Dubbo, NSW, real estate agent Richard Tegart told ABC’s Four Corners that as well as queries about whether the NBN is connected, increasingly this question was being followed by: “Is it connected to fibre-to-the-premises (FTTP) or is it fibre-to-the-node (FTTN)?”.
“It’s interesting that most consumers or buyers are certainly aware of what they want with internet connections,” he said.
Preliminary research from the NHMRC Centre for Research Excellence in the Social Determinants of Health Equity also found that Australia’s most affluent suburbs were more often gaining access to superior fibre technologies compared to areas of socio-economic disadvantage.
Experts flagged concerns that if such a trend was to persist, it could lead to a “digital divide”.
Earlier this year, a local council area near Coffs Harbour, Bellingen Shire (NSW), negotiated directly with NBN Co to secure superior fibre connections.
It argued that the inferior FTTN could adversely affect property prices and was “not a long-term, technologically sustainable option”.

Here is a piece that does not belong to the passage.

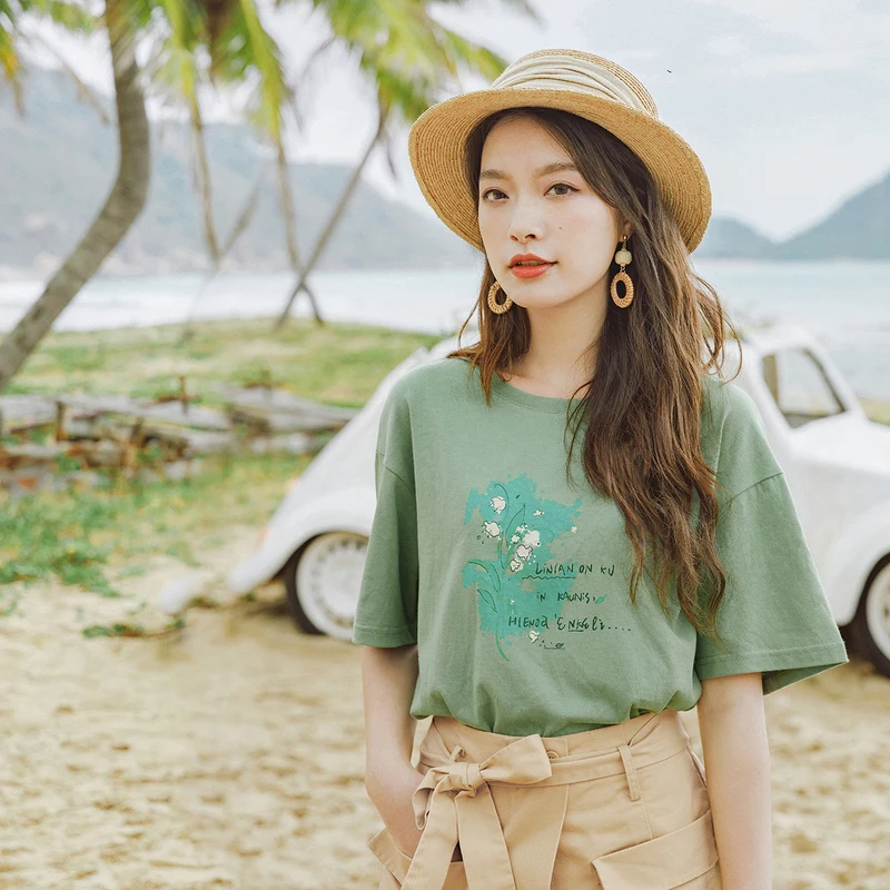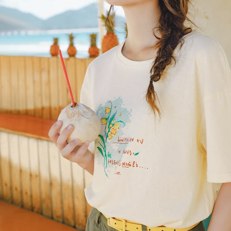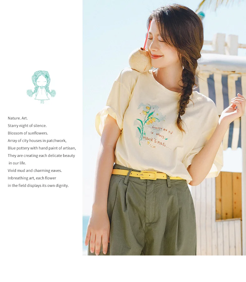 Футболка женская хлопковая с коротким рукавом, с графическим принтом

However, Australian property valuers indicated to The New Daily that any foreseen impacts of the NBN on the housing market are yet to be realised.

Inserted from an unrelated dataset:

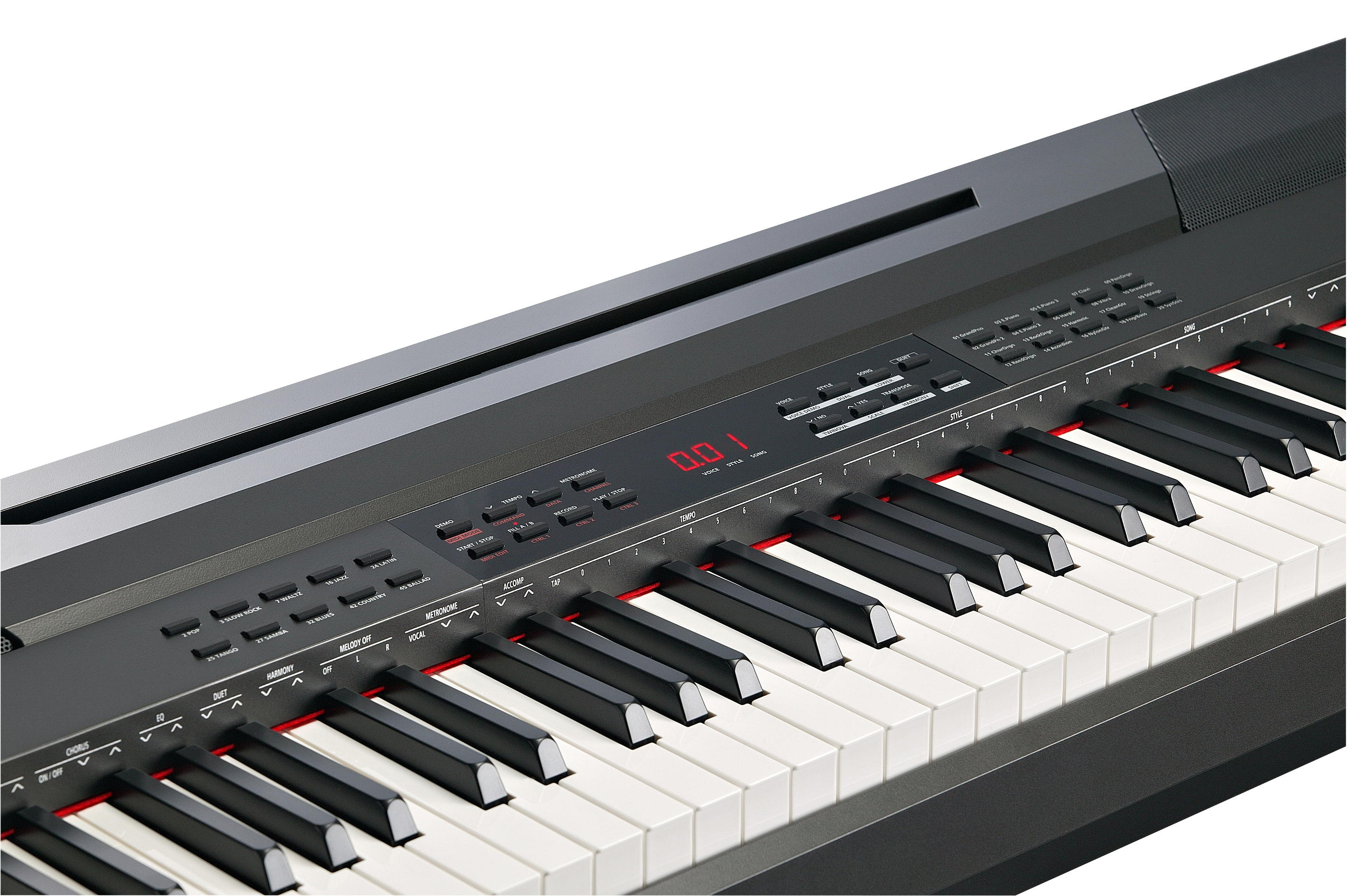 - Keyboard: 88 Note fully weighted, hammer action with adjustable touch sensitive keys

Jay Kim, a certified practising residential property valuer in Melbourne, said that when formulating a valuation report, he notes an NBN activation as a feature of the property.
“I’m sure NBN would likely have value but this would depend on a case-by-case basis,” he told The New Daily.
“NBN is a plus, but it’s not yet a huge contributing factor when it comes to valuation.
“Maybe down the track when internet usage expands, and as people’s lifestyles become more integrated with new technology, such as virtual reality, it might be one of the key factors; especially for younger buyers.”
Mars Njoo, the director of property valuation service Cushman and Wakefield, said it was not a case of “one size fits all”.
“I don’t think there is a blanket, general rule to suggest that if a house has the NBN, then it means it has a higher value,” he told The New Daily.
“Residential and commercial property valuation boils down to comparable evidence, including sales and rental prices.
“It is very difficult to substantiate a buyer’s preparedness to pay a percentage premium for the NBN and painstaking further research would be required to determine what this means for property values.”